The influence of DED process parameters and heat-treatment cycle on the microstructure and hardness of AISI D2 tool steel

Abstract

The impact of both the laser directed energy deposition (DED) process parameters and post-deposition heat-treatment cycles on the microstructural characteristics and hardness are evaluated for cladding AISI D2 tool steel onto annealed AISI D2 substrates. The influences of powder feed rate, and laser scanning speed were assessed. After laser deposition, the DED samples were subjected to various tempering heat-treatment cycles. The microstructural and compositional characteristics of both the ‘as-printed’ and heat-treated DED processed samples were investigated using scanning electron microscopy with energy dispersive X-ray spectroscopy, confocal laser scanning microscopy, and X-ray diffraction.
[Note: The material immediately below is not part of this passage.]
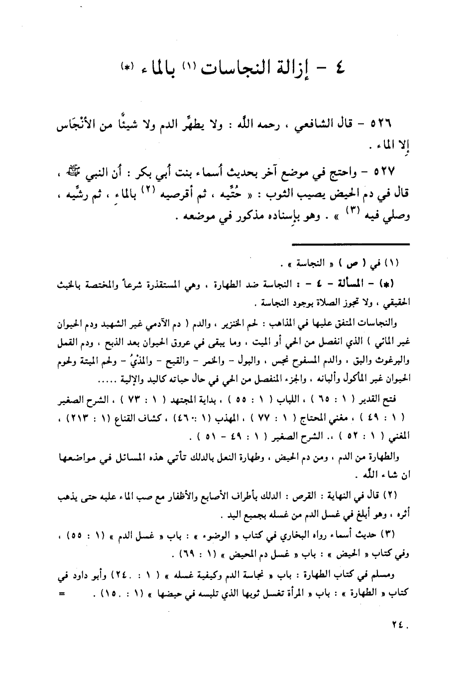 526 - قَالَ الشَّافِعِيُّ، رَحِمَهُ اللَّهُ: «وَلَا يُطَهِّرُ الدَّمَ وَلَا شَيْئًا مِنَ الْأَنْجَاسِ إِلَّا الْمَاءُ»

The indentation and scratch hardness responses were assessed to evaluate the effects of various heat-treatment schedules, with comparison made to wrought D2. It was demonstrated that the microstructure of the DED processed samples had a dendritic morphology with columnar grains. Moreover, the hardness values of the DED fabricated parts were found to be higher than an annealed wrought D2, but lower than the quenched D2. Subsequent tempering of the DED printed parts resulted in a final hardness, essentially equivalent to the as-quenched level.